Performance Food Group Co. capped fiscal 2025 with double-digit fourth-quarter growth and is leaning on aggressive sales hiring and new account wins to keep momentum into 2026.
The Richmond, Va.-based distributor reported fourth-quarter net sales of $16.8 billion, up 11.5% from a year ago, and net income of $131.5 million. Adjusted EBITDA jumped 20% to $546.9 million. For the full fiscal year, revenue climbed 9% to $63.2 billion, while net income rose 12% to $451.7 million.
Executives said the company’s “Performance Food Group One” strategy—aimed at cross-segment growth in foodservice, convenience, and specialty distribution—is paying off despite a still uneven recovery in the food-away-from-home market.
A major part of that plan is talent. PFGC expanded its salesforce by 8.8% in fiscal 2025, the most aggressive hiring push in years. The move helped lift organic independent case growth 4.6% for the year and 5.9% in the fourth quarter, outpacing broader restaurant traffic trends.
“The investments we’re making in our people now will enable us to significantly accelerate growth as the industry finds its footing,” CEO George Holm told analysts on a recent earnings call.
Beyond independent restaurants, PFGC has shifted its chain portfolio toward higher-performing partners and signed new long-term deals that boosted chain case growth by 4.5% in the fourth quarter. In convenience, Core-Mark offset industry-wide declines with new foodservice programs and won business from more than 1,000 additional stores that will come online in 2026. Specialty distribution also rebounded, with vending, office coffee, and retail channels showing strength and the e-commerce platform continuing to post double-digit growth.
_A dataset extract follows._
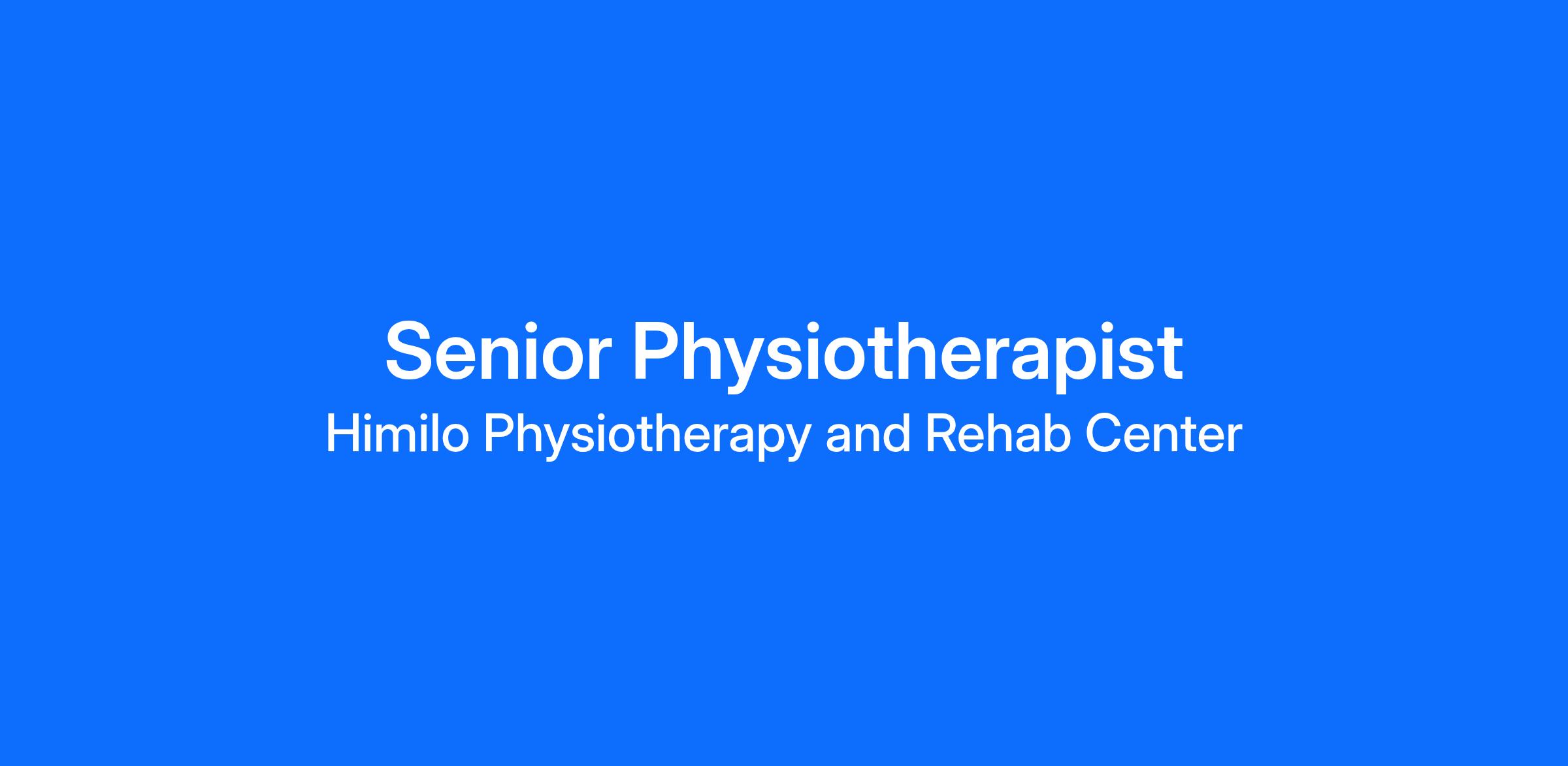 Himilo Physiotherapy and Rehab Center is seeking a qualified and experienced Senior Physiotherapist to lead and deliver high-quality rehabilitation services. The successful candidate will be responsible for assessing, diagnosing, and treating patients with physical impairments, disabilities, and injuries, while also supervising and guiding support staff to ensure excellence in patient care.

On capital allocation, PFGC is balancing investments in warehouse and fleet expansion with debt reduction, selective M&A, and stock buybacks. Recent acquisitions of Cheney Brothers and Jose Santiago are now being integrated, with management signaling more deals could follow if they meet strict return thresholds.
The board also dismissed a recent approach from rival US Foods, which sought information on a business combination. Executives said any transaction would need to clear a “high bar” on valuation and regulatory certainty, stressing confidence in PFGC’s stand-alone growth strategy.
For fiscal 2026, the company projected revenue of $67–68 billion and adjusted EBITDA of $1.9–2.0 billion, consistent with targets outlined at its May Investor Day.
“We are executing at a high level, continuing to make progress on our three-year plan,” Holm said. “Performance Food Group is building a formidable organization set up to grow and win for many years to come.”